Action item ::
Using the records below, quote only the span that opens with the line containing "次にPICK UP機種の状況" and closes with the line containing "10月11日,yl6776永", exactly and inclusively.

Provided material ::
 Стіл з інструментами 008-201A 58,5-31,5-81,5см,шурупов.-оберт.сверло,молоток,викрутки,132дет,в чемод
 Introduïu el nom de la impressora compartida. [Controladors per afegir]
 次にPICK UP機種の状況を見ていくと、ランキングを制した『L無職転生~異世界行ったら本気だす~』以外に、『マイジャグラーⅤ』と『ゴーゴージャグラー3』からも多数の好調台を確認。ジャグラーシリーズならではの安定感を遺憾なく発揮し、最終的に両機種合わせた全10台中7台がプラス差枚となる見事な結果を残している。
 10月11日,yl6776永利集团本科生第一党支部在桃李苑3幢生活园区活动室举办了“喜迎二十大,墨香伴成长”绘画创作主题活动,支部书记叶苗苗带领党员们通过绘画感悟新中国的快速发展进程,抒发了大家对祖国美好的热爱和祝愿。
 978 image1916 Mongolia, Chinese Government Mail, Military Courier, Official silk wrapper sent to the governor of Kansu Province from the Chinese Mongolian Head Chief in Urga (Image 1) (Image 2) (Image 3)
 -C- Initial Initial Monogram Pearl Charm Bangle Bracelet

---

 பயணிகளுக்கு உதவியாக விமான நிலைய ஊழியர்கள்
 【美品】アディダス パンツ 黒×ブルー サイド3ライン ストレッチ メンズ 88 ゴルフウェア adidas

* * *

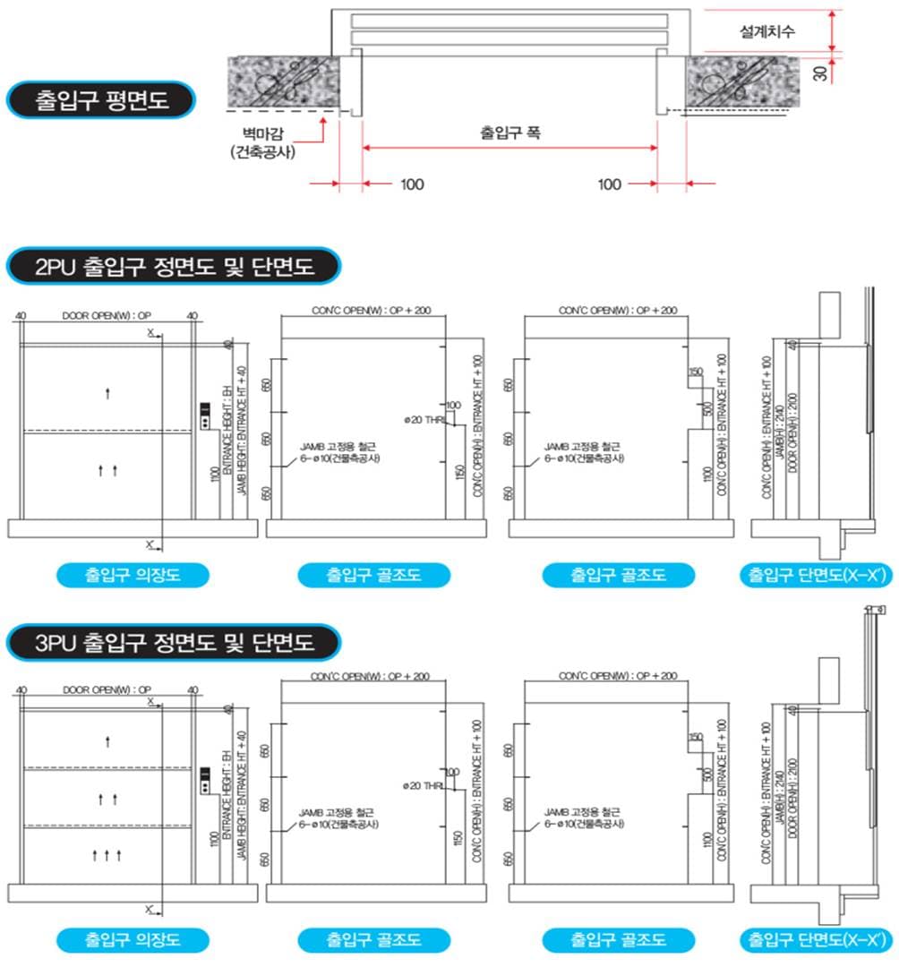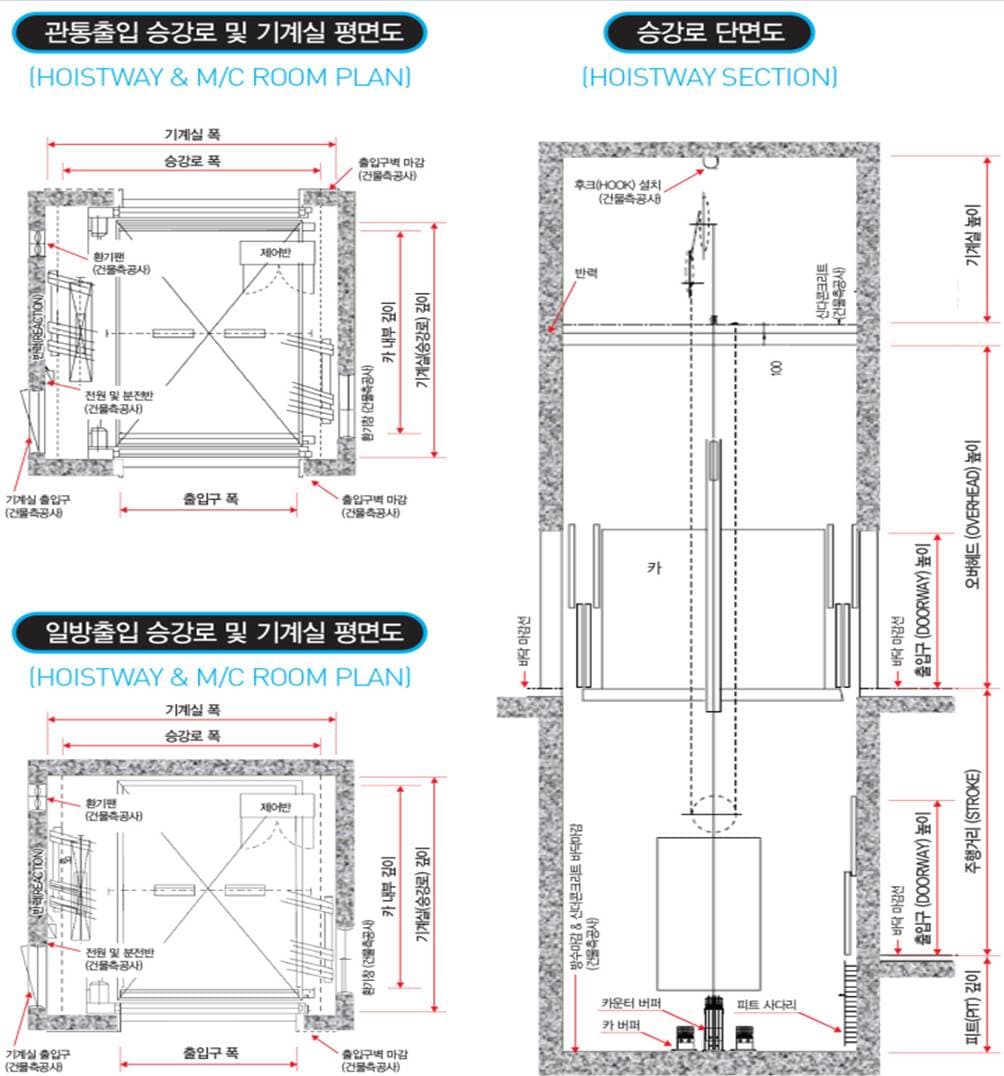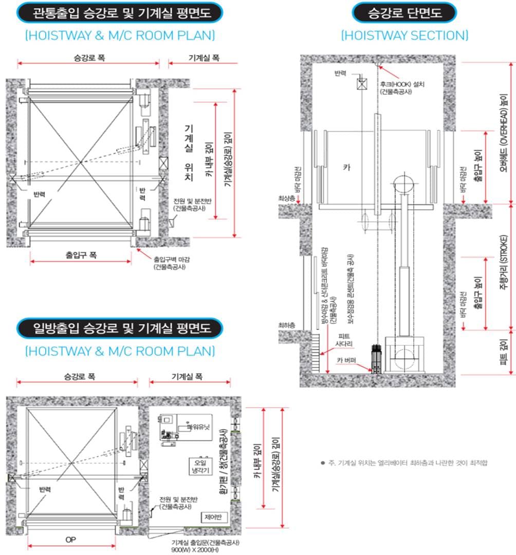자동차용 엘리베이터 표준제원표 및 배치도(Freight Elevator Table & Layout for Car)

Answer for this exercise ::
 次にPICK UP機種の状況を見ていくと、ランキングを制した『L無職転生~異世界行ったら本気だす~』以外に、『マイジャグラーⅤ』と『ゴーゴージャグラー3』からも多数の好調台を確認。ジャグラーシリーズならではの安定感を遺憾なく発揮し、最終的に両機種合わせた全10台中7台がプラス差枚となる見事な結果を残している。
 10月11日,yl6776永利集团本科生第一党支部在桃李苑3幢生活园区活动室举办了“喜迎二十大,墨香伴成长”绘画创作主题活动,支部书记叶苗苗带领党员们通过绘画感悟新中国的快速发展进程,抒发了大家对祖国美好的热爱和祝愿。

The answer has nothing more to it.